Bayesian Unmeasured Confounding Model

For the statistical model, we denote the continuous or discrete response \(Y\), the binary main exposure variable \(X\), the vector of \(p\) other perfectly observed covariates \(\boldsymbol{C}\), and the unmeasured confounder(s) relating to both \(Y\) and \(X\) \(U\). In the event of more unmeasured covariates, we denote them \(U_{1}\), \(U_{2}\), and so forth; these unmeasured confounders can be either binary or normally distributed.

In the scenario where there is a single unmeasured confounder, the joint distribution can be factorized as \(f(y, u|x, \boldsymbol{c}) = f(y|x, u, \boldsymbol{c}) f(u|x, \boldsymbol{c})\).

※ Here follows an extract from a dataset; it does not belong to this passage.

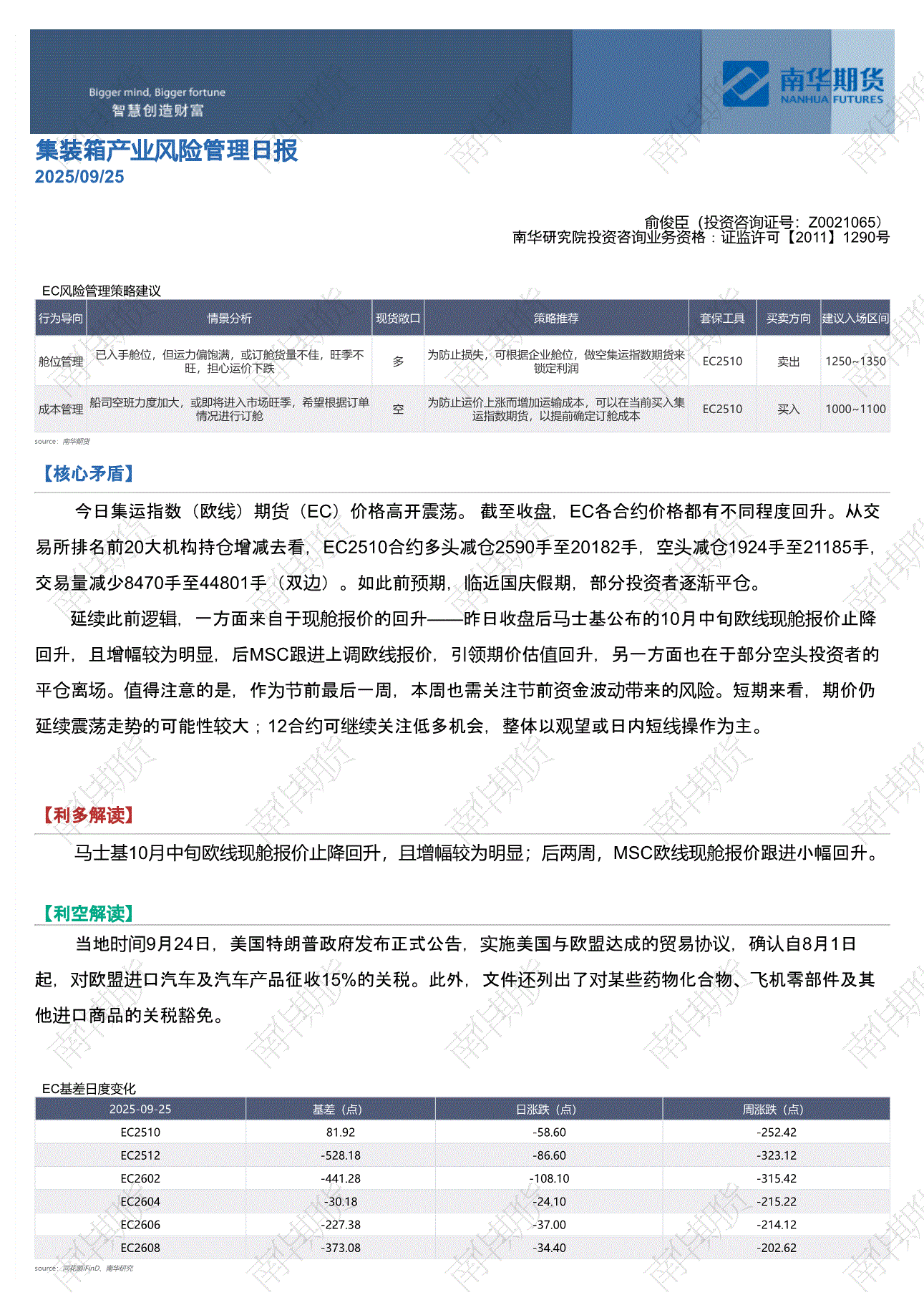南华期货-集运产业周报:运价降幅趋缓,关注12合约低多机会-250916

For the second unmeasured confounder, the joint distribution can be factorized as \(f(y, u_{1}, u_{2}|x, \boldsymbol{c}) = f(y|x, \boldsymbol{c}, u_{1}, u_{2}) f(u_{1}|x, \boldsymbol{c}, u_{2}) f(u_{2}|x, \boldsymbol{c})\), giving the Bayesian unmeasured confounding model: \[\begin{equation}\label{unmconf-two-unmeasured-confounders} \begin{split} Y|x, \boldsymbol{c}, u_{1}, u_{2} & \ \ \sim \ \ D_{Y}(g_Y^{-1}(\boldsymbol{v}'\boldsymbol{\beta} +\boldsymbol{\lambda}'\boldsymbol{u}), \ \xi_y) \\ U_{1}|x, \boldsymbol{c}, u_{2} & \ \ \sim \ \ D_{U_{1}}(g_{U_1}^{-1}(\boldsymbol{v}'\boldsymbol{\gamma} + \zeta u_{2}), \ \xi_{u_{1}}) \\ U_{2}|x, \boldsymbol{c} & \ \ \sim \ \ D_{U_{2}}(g_{U_2}^{-1}(\boldsymbol{v}'\boldsymbol{\delta}), \ \xi_{u_{2}}), \end{split} \end{equation}\]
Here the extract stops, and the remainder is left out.